MADHUR ANAND: POETRY & COLLISION


SUSAN GILLIS: How did poetry come to you? You've written eloquently about some of your early experiences with poetry; are there other aspects of beginning you could talk about?


MADHUR ANAND: I've written for TNQ and Poetry in Voice about the conscious beginnings—the first poem I recall being asked to read, or the circumstances of my life when I started writing poems, that I was already a practising scientist. I will use this space to acknowledge unconscious ones, as well as the fact that there are a multitude of them.
How far back should I go? How many parallel existences and identities could have started this trajectory towards poetry? Should the things I remember be weighted more than the things I don't remember? That seems unfair. There is a lot I don't remember.

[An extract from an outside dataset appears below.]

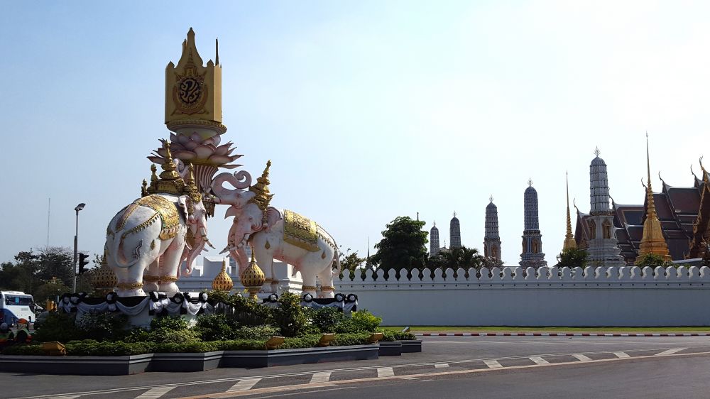 大皇宫The Grand Palace, 包括一所建在皇宫里作为国王举行宗教仪式的佛寺-玉佛寺,都在1782年开始建造,总面积218,000平方米,环绕着整座大皇宫的宫墙,长约1900米。皇宫不让进去参观,只能远远的拍照,到此一游。国王的遗体还躺在里面,一年以后才火化。

Let me just pick out quickly the first couple of things that come to mind of, say, my grade school experience, Grades JK (where I locate my very first memory) to 6. My memories are often reduced like this to one or two most distinct ones per year.

JK: Premium Plus crackers and peanut butter (for everyone), apple juice. Believing that the Grade 6 girl helping to hand them out looked exactly like

me, but older (and white).

SK: The water play station

Grade 1: The very Germanic-looking teacher (whose name I forget)

Grade 2: Desperately wanting and getting a certain brand of jeans, the ones with the rainbow patch on the back pocket

Grade 3: Playing Connect Four with Steven Axesmith (sp?) whom I had a huge crush on. Miss Stewart reading us Tales of a Fourth Grade Nothing.

Grade 4: I skipped Grade 4

Grade 5: Going to a French restaurant in Toronto with our enrichment class and ordering escargots. Playing a dog in a skit directed by a blind drama teacher. Making a hideous marine landscape out of clay (it's still at my parent's house somewhere). OK, three memories.

Grade 6: Learning how to play Hearts. Latkes on Jewish holidays.
 
This all sounds relatively unremarkable at the surface. But, to get back to your question (How did poetry come?), let's examine that belief, that when I was in junior kindergarten I had a doppelganger who was a) older and b) white. That first memory, to me, is a very plausible beginning. Poetry forces you to project, to imagine, to create worlds, to see the similarities among the differences, to allow for simultaneity, to find the impossible to be true, to become another. I decided very early in life, it seems, I needed these things. That my most vivid memories after that include water play, sternness, rainbows on our behinds, having connections and crushes, year-long gaps, eating in other languages, being led by the blind, modelling nature, games of chance and cunning, and recipes, suggests I remained open to everything poetry might have to offer.

But even all this is conscious and only limited to my experiences within the classroom. So much more of course happened outside the classroom. On the playground/battleground. On the daily walk to/from school, or the front door between Indian and North American cultures. Secret piano lessons. Some corrupt adult posing as a family friend, or as the family doctor. I cannot say it is always a pleasant encounter, the one between me and poetry.

These days I admit I’m a bit resentful about how poetry continues to consume me, whether I like it or not. I realize more and more that the beginnings are not actually in my own story, but in the untold stories of others, and of my parents or ancestors. I am trying to draw these stories out, but I will not succeed completely. Because maybe poetry goes back as far as when the Himalayas were formed, when the Indian Plate collided with the Eurasian Plate. Maybe even before then. 

Madhur Anand's debut collection of poems A New Index for Predicting Catastrophes (McClelland and Stewart, 2015) was shortlisted for the Trillium Book Award for Poetry and named one of ten "trailblazing" collections of Canadian poetry for its blending of art and science. Her debut hybrid creative non-fiction book ('a memoir in halves') This Red Line Goes Straight to Your Heart is forthcoming in Spring 2020 (Strangelight/Penguin Random House Canada). Dr. Anand is a Full Professor of ecology and sustainability in the School of Environmental Sciences at the University of Guelph.